Pain is a common symptom every one of us experience every now and then. We feel relieved if we get rid of it. We tend to get over from pain by the way of pills or other methods like drinking. According to an article in the recent TIME magazine, unless the basic mindset is changed – insistence on deploying a physical therapy in pain management – no real progress will take place in ending the dependency on drinks and other drugs. Drinks and other drugs have become a little more than quick fixes and this had been long said by the sages who formulated the vedic astrology.

Pain versus Pleasure

As far as motivation and why people decide to do something, it is based on the simple science of pain versus pleasure. As it is, instinctively, everyone wants to keep away from pain and gain pleasure. In fact, they’ll do more to avoid immediate pain that attaining immediate pleasure; it’s okay even if they don’t get pleasure.

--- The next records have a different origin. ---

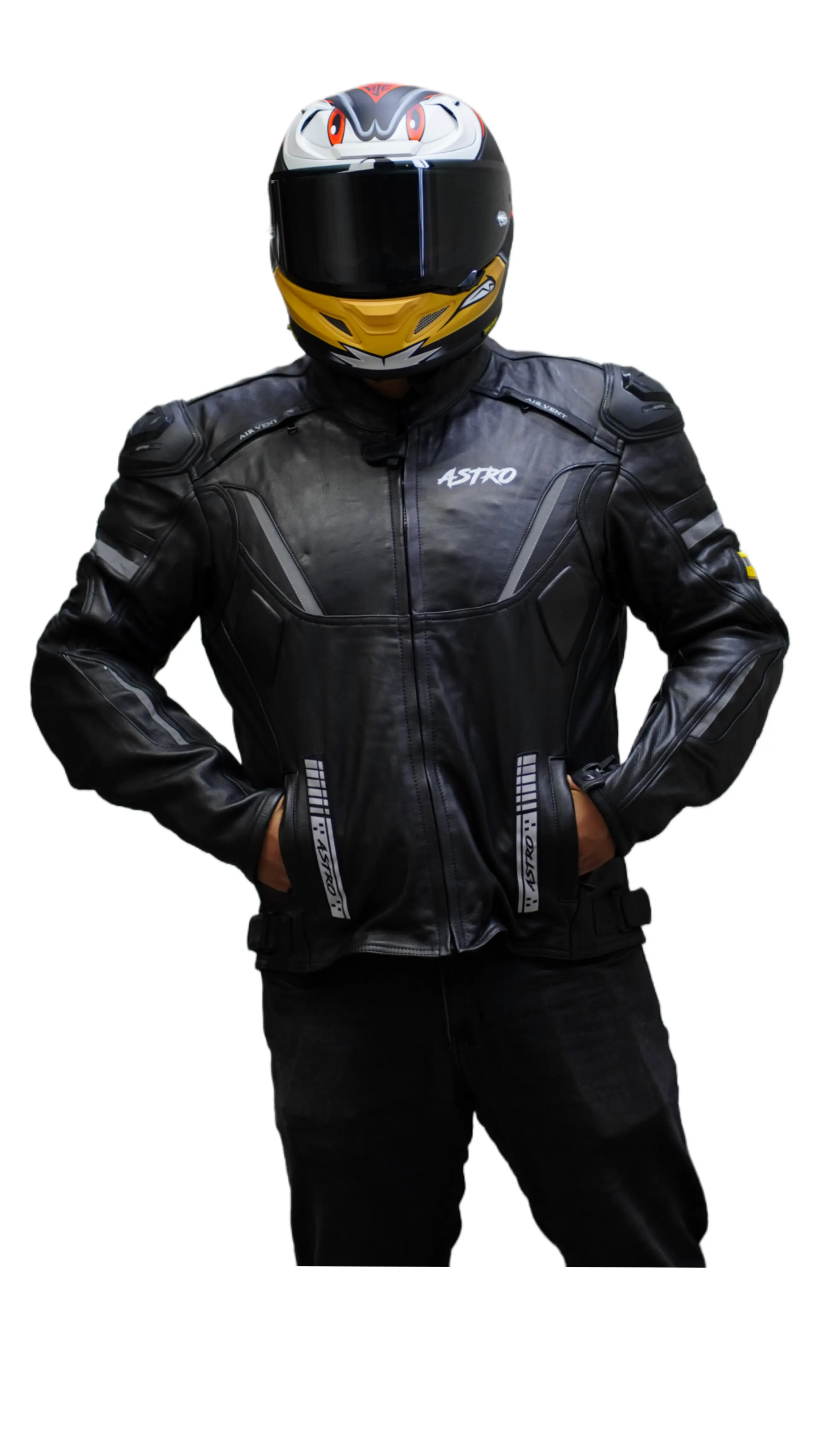La chamarra de piel para motociclista Astro combina resistencia, comodidad y un diseño audaz.
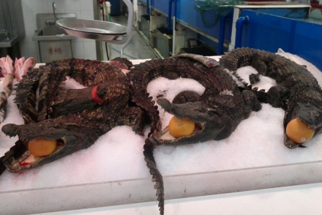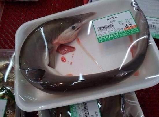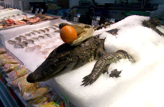 보통 마트에 가면 고기를 여러 부위로 나눠 판매한다. 그러나 중국 윌마트에서는 통째로 파는 모습을 볼 수 있는데, 그 고기 중 상어와 악어도 있다. 단 미국 월마트에서는 볼 수 없다고 한다.
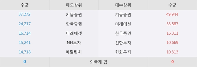 이 시각 주요 거래원은 미래에셋, 키움증권, 한국증권 등이 매수 상위 창구에 자리하고 있다. 한편, 매도 창구 상위에는 메릴린치가 눈에 띄고 있다.
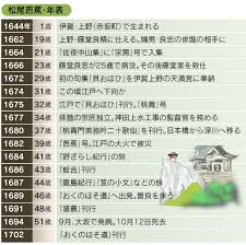 ・(11月28日)300年前(1694年)のこの日(元禄7年10月12日)、三重県伊賀市出身の江戸時代前期の俳諧師、松尾芭蕉(50)、死す 江戸を立ち東北、北陸を巡り岐阜の大垣まで旅した紀行文「おくのほそ道」がある
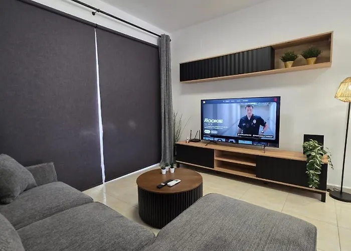 Ithaki Garden Cozy 1Br Apartment Universal Paphos, som ligger 2 km från Paphos Arkeologiska park, erbjuder en terrass med en pool. Gästerna kan besöka Pafos fästning ungefär 25 minuter bort till fots.
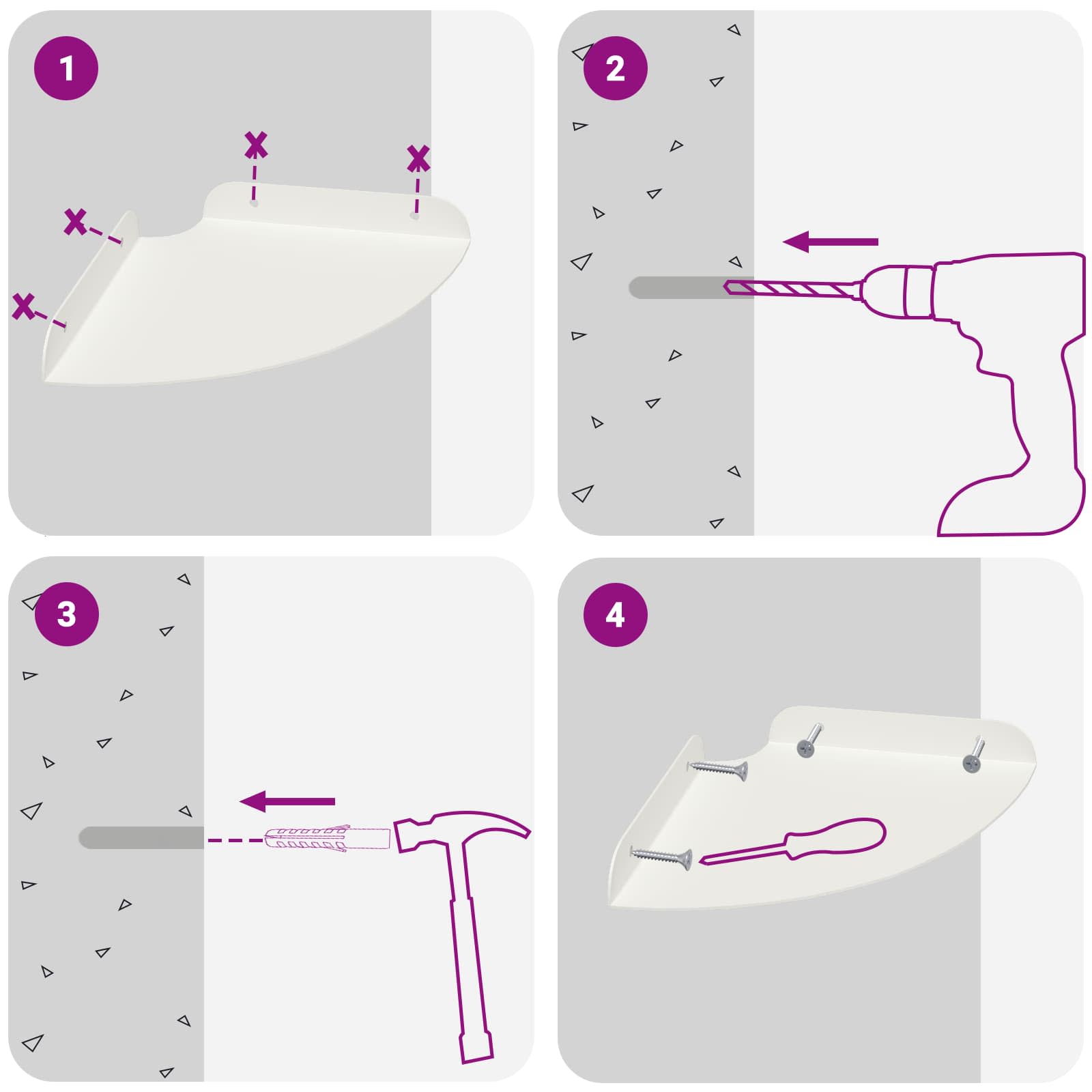 • Seinään asennettavat ruuvit ja tulpat eivät sisälly toimitukseen. Suosittelemme hankkimaan ja käyttämään juuri omille seinillesi sopivia ruuveja ja tulppia.
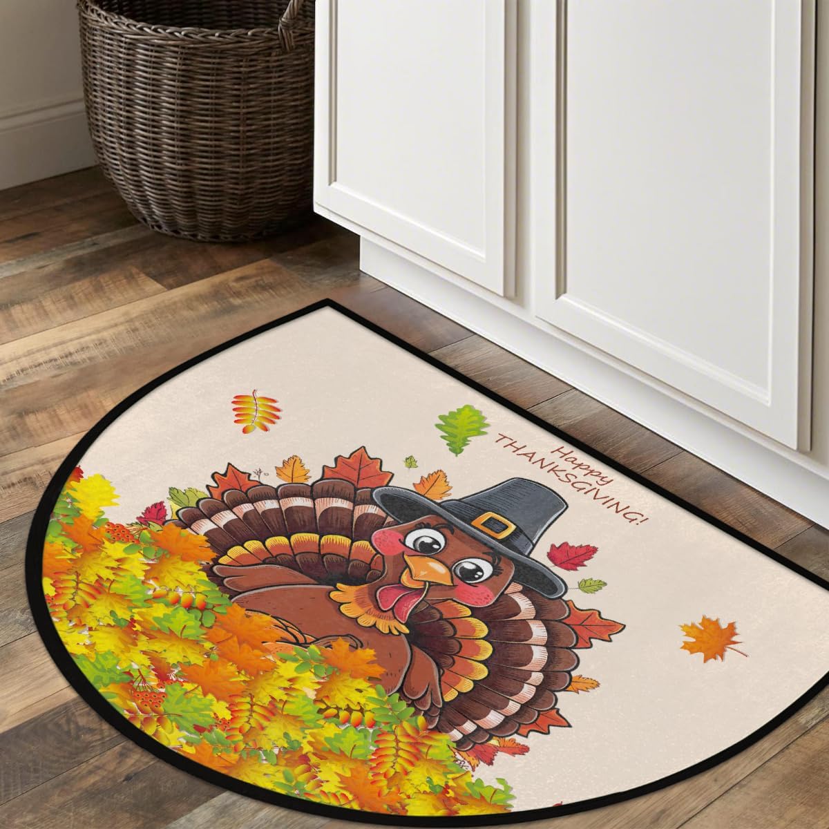 Product Description SPECIFICATIONS Size: 36x24 in Material: Front side - 100% microfiber polyester, backside - non-skid dot plastic Shape: Half Round Rug/Half Circle Rug/Half Moon Rug/Half Area Rug/Half Round Mats Package: 1 x Half Round Area Rug PRODUCT FEATURES: 1:The door mat is made to take dirt, dust, moisture from shoes and hold onto it so that the mess doesn't make its way into your house, keep home or office floors to stay clean and dry! 2:This entrance doormat come with low profile design, which is thin enough for your front door, will not trap the door. -->Half Moon Doormat Floor Mats Rug Non slip, protect the kids and pets from slipping when they playing or running. 3:Door mats easy to care. Hand washed or rinse it off. 4:Multi-Purpose Usage, Our round carpet is an ideal choice for home decoration, suitable for bedroom, living room, study room, play room, kid's room, baby room, office, women yoga, dormitory, pet house, etc. Great for entrances, doorways, kitchens, conservatories, laundry room, mudroom, front or back door, pet doors, garage and even caravans. 5:Compact size, perfect for small doorways. 6:Perfect Gift, entrance mat easy to match home decor, It is also Warm gifts for family and friends on Christmas, Easter, Halloween, Hanukkah, New Year, St. Patrick’s Day, Thanksgiving Day, Valentine’s Day and other holidays.
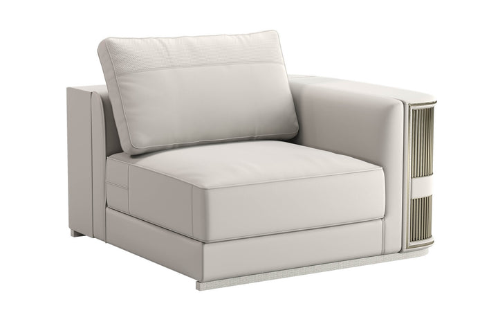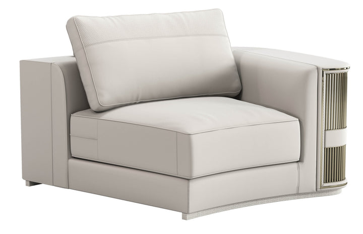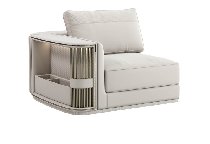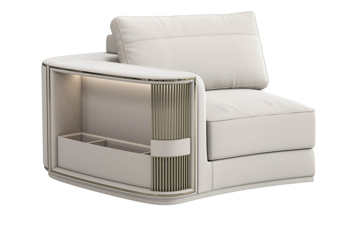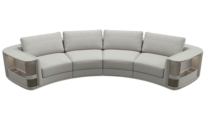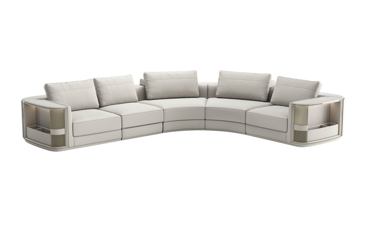 The 4pc Churchill Curve Sofa Sectional blends contemporary elegance with everyday practicality. Expertly constructed from durable hardwood and upholstered in high grade Italian leather, this sectional offers not only style but also lasting durability. With built-in storage compartments on the arms, mood-setting LED lights, and refined gold metal accents, this piece enhances both convenience and visual appeal. Designed for superior comfort, the cushions are filled with a blend of soft down and high resilience sponge, ensuring ergonomic support and inviting relaxation. Perfect for upscale interiors, this sectional brings modern sophistication to any living space.
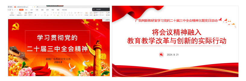 广告网新教研室党支部以“用会议精神助推教育教学改革与创新的实际行动”为主题,支部书记杨琳指出,会议精神中的人民立场和时代责任感,鞭策着我们教师要紧紧把握时代脉搏,将人才培养与国家发展、社会进步紧密结合,努力培养有担当、有责任、有理想、具备时代要求的能力的新时代大学生。支部党员代表聂靓、郭扬表示,要通过深入学习,准确把握会议提出的新理念、新战略、新举措,将党的二十届三中全会精神转化为推动教育教学改革的具体行动。深入思考自己日常教学科研工作中的创新点,为推动我校教育教学事业高质量发展贡献力量。
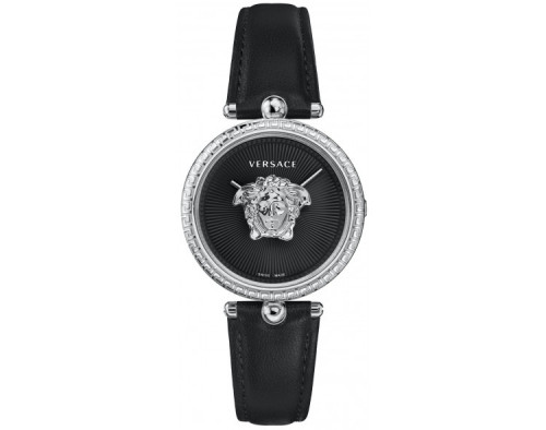 Kvarcs Sieviete Rokas pulkstenis Versace VE8101019 ar Nerūsējošais tērauds korpusu, ar diametru 38 mm, Minerāls ar safīru apstrādi stikls, Melns ciparnīcu un Melns Āda siksnu.

For patients with chronic pain, the physical and emotional are interconnected. Emotions win over logic all the time. If you bring emotion into the equation, that element looks huge no matter what the type or reason is. Whenever we are dying with acute pain, we’ve heard people say, “It’s all in your head.” What they mean is pain. The pain is processed in the brain, along with parts that regulate emotions.

Pain is considered bad at all times. Is pain really an enemy? Pain kills pain. It gives a word of warning, in addition to enhancing pleasure. So, embrace it and learn from it. It carries a message. “By taking control of your pain, you put it at ease or you’ll invite disease.”

Is pain bearable?

Consider a teenage girl on the dental chair for orthodontic treatment. The protection against the inescapable, excruciating pain is to think of a soldier who faced bullets in the battlefield. If he was able to withstand that pain, the pain encountered during the orthodontic treatment is by far lesser than that of the soldier. This is the meaning of pain according to Dr. Vinay Bajangi.

Here’s what he says:

I also remember another incident when my thumb was caught in between a swinging gate and the wall. Unable to bear the pain, I ran to my mother. Under extreme shock and anxiety, she slapped me for playing on the gate in spite of many warnings. The shock and embarrassment of the slap overtook the throbbing pain.

I was deeply saddened with my father’s death, who I revered the most. But, after I realized my melancholy if I had lost him much earlier or all of a sudden, my agony alleviated. The thought of worse situation helps us manage smaller torment; pain kills pain. A person who has gone through grievous pain understands similar pain experienced by others. He empathizes and connects with them soon.

As children, when we had been looking at people wailing at a tragedy, my mother used to say, “No one is crying for another. We’ll cry for the agony we ourselves had gone through.” I felt she was very right.

Studies have shown that when people share others’ pain, they become better bonded and cooperative while when they’re involved in some non-painful activity, they’re not so emotional and co-operative. When groups take on challenging tasks together the members become socially glued. This is probably the reason why people in some communal practices across the world share a component of pain during the activity. We cannot forget the deepest memories no matter how old they are.

Ultimately, pain is a common symptom every one of us experience more often than not. We feel relieved if we get rid of it. We tend to get over from pain by the way of pills or other methods like drinking. It is considered bad at all times. Instinctively, everyone wants to keep away from pain and gain pleasure. However, they’ll do more to avoid immediate pain that attaining immediate pleasure. Researchers say, “Emotional pain has a greater impact than physical pain.” Pain caused by emotive suffering is more intensely sensed than that caused by physical injuries. Also, the pain caused by emotional distress is long lasting. When you encounter throbbing pain, let’s say because of a root canal treatment, think of a soldier who has received bullets in the battlefield. The pain will be relatively smaller.